How Does CREST Operate?

CREST is the not-for-profit accreditation body representing the technical information security industry. CREST operates domestic chapters within countries, delivering tailored services that are focused on the needs of the local cyber security market.

These chapters are governed by an elected local executive of experienced security professionals, and draw upon strategic guidance from government, industry and the buying community.

CREST International is an international umbrella organization that orchestrates activities between regional chapters, whilst also providing a consistent accreditation and certification framework between individual chapters and countries. CREST International has representation from regional chapters, to ensure that the worldwide vision and strategy is aligned to the needs of the International cyber security ecosystem.
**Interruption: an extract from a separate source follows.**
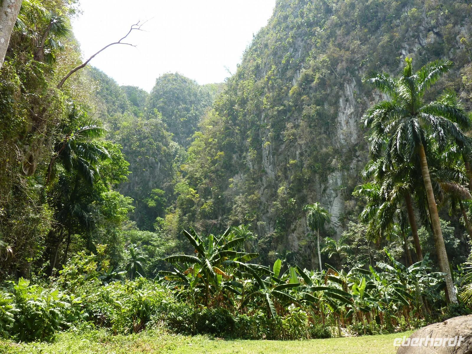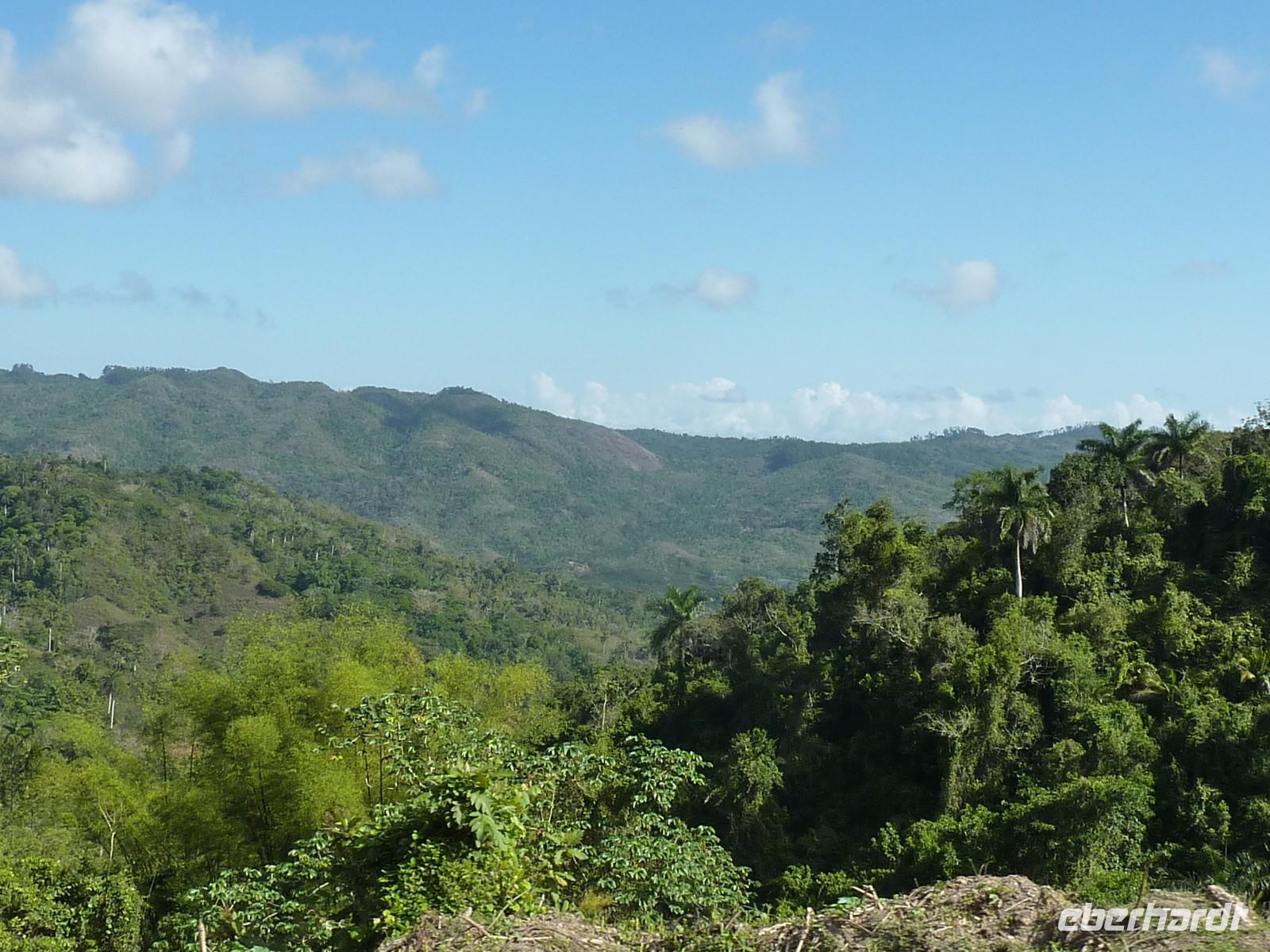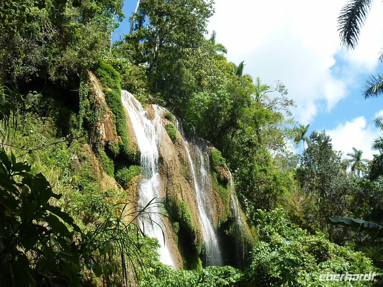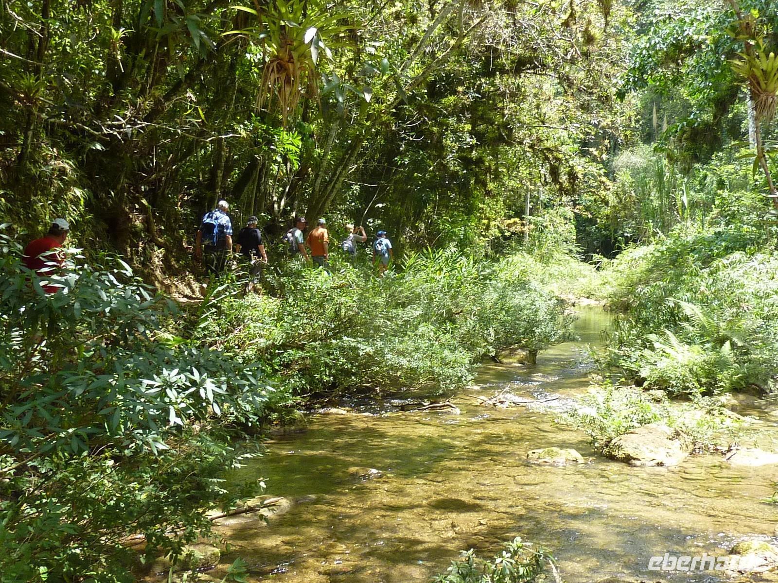 Wir verlassen den Karibikstrand und fahren nun in die „Sierra del Escambray“, die direkt hinter Trinidad aufsteigt. Langsam arbeitet sich unser Bus zu dem auf 900 Metern Höhe gelegenen Ort „Topes de Collantes“ hinauf. Hier steigen wir in ein 5-Sterne-Cabrio um, einen umfunktionierten LKW. Nach einer halben Stunde Fahrt erreichen wir den Ausgangspunkt unserer Wanderung. Unsere einheimische Führerin Milady ist gut gelaunt und stellt uns nicht nur die verschiedenen Pflanzen und Gewächse sondern auch einige Geschichten der „kubanischen Heilkunde“ vor. Unterwegs bestaunen wir Bromelien, Orchideen, die Mamai-Frucht und einige nutzen die Möglichkeit, ein erfrischendes Bad in einem Naturpool zu nehmen. Nach der Wanderung speisen wir auf der Terrasse der Finca und treten den Rückweg im LKW nach „Topes de Collantes“ an. Hier steigen wir in den bequemen Reisebus und reisen entlang der Karibikküste nach Cienfuegos, wo wir im Hotel direkt am Meer übernachten.

CREST provides internationally recognized accreditation for organizations and individuals providing penetration testing, cyber incident response and threat intelligence services. All CREST Member Companies undergo regular and stringent assessment. CREST qualified individuals have to pass rigorous examinations to demonstrate knowledge, skill and competence and are regularly re-examined to ensure that they have retained and maintained this capability.


CREST operates 4 regions, with individual chapters then being aligned to regions. Chapters have responsibility for aligning their strategy with that of the local domestic market. CREST International, provides overarching strategic direction, and provides shared administrative and operational capability to regions and chapters. CREST International has overarching

responsibility for coordinating consistent accreditation and certification programs across chapters and regions.